INFORMATION SHOWN ▸
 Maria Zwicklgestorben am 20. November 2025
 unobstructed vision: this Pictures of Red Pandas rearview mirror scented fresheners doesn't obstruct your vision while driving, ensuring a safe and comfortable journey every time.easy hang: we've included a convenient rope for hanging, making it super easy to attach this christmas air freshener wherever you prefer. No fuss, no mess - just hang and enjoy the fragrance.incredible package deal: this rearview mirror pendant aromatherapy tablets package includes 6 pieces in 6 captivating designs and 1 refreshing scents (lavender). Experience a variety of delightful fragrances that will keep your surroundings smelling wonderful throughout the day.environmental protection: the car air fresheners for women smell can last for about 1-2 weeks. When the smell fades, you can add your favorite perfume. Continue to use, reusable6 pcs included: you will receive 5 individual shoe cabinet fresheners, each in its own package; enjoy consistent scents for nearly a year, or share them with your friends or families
==
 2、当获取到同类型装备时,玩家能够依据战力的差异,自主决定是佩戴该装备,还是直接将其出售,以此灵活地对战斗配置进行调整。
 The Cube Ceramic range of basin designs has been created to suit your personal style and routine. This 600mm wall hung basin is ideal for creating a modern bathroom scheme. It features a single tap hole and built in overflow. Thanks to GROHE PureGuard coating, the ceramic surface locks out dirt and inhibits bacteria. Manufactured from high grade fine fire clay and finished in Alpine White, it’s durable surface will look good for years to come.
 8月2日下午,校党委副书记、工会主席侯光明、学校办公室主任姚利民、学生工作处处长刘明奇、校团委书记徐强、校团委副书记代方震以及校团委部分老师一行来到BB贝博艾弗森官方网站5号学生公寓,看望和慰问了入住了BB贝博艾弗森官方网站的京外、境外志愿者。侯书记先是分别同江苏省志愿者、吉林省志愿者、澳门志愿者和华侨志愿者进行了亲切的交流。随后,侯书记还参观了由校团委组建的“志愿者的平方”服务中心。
...
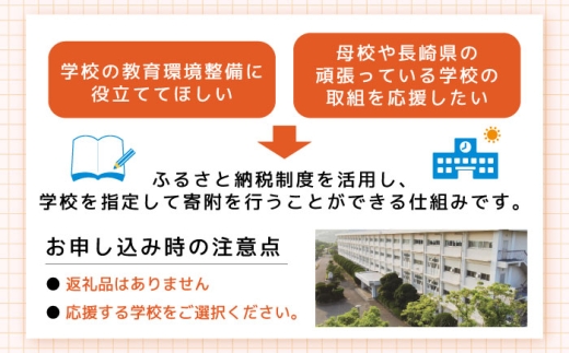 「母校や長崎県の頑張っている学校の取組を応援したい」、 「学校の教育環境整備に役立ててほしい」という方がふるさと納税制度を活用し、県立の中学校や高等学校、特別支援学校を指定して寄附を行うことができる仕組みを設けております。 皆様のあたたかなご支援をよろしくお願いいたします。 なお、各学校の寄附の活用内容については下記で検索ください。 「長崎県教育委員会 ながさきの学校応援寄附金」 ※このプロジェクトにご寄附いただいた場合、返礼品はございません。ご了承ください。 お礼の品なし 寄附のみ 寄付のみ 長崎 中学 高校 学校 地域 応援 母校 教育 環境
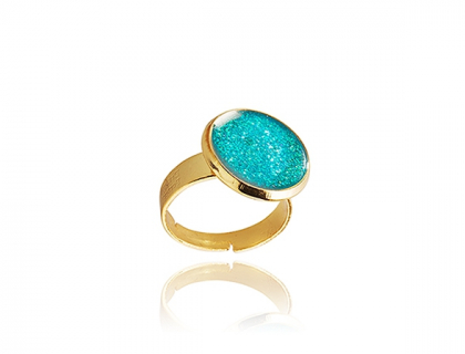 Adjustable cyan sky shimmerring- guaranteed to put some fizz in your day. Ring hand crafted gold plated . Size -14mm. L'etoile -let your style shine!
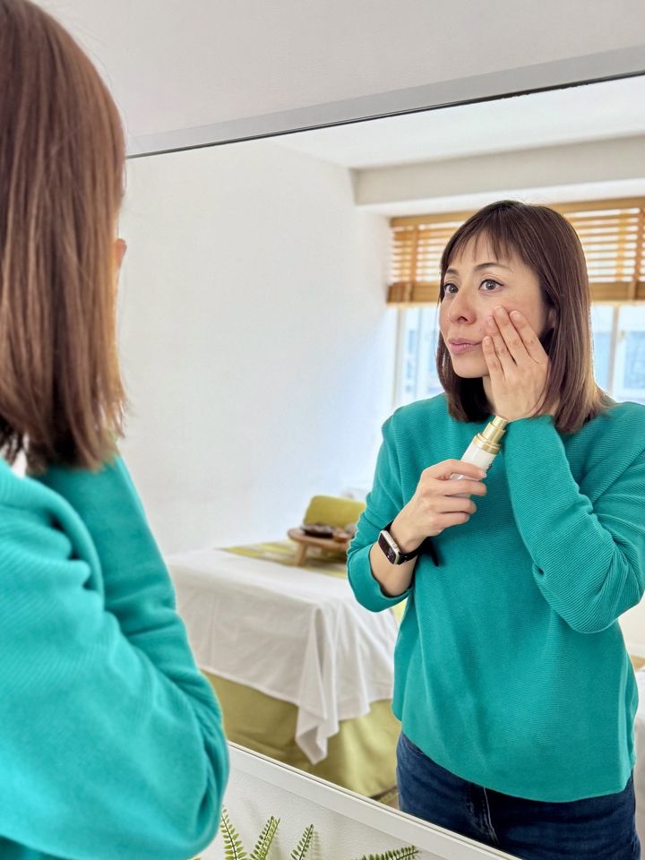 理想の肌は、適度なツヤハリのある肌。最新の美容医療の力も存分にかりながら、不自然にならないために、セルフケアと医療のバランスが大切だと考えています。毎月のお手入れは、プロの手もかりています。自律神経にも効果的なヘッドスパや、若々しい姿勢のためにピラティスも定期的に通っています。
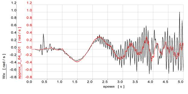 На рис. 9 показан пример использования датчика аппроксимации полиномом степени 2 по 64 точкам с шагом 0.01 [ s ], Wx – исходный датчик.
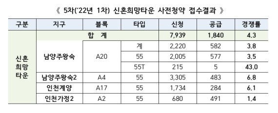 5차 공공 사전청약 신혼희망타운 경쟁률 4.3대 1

BRIEF ▸
For the material above, give again only the lines starting at the line that contains "Adjustable cyan sky" and ending at the line that contains "5차 공공 사전청약 신혼희망타운 경쟁률 4.3대 1". Pictures do not belong in the copy.

ANSWER TO THIS PROBLEM ▸
 Adjustable cyan sky shimmerring- guaranteed to put some fizz in your day. Ring hand crafted gold plated . Size -14mm. L'etoile -let your style shine!
 理想の肌は、適度なツヤハリのある肌。最新の美容医療の力も存分にかりながら、不自然にならないために、セルフケアと医療のバランスが大切だと考えています。毎月のお手入れは、プロの手もかりています。自律神経にも効果的なヘッドスパや、若々しい姿勢のためにピラティスも定期的に通っています。
 На рис. 9 показан пример использования датчика аппроксимации полиномом степени 2 по 64 точкам с шагом 0.01 [ s ], Wx – исходный датчик.
 5차 공공 사전청약 신혼희망타운 경쟁률 4.3대 1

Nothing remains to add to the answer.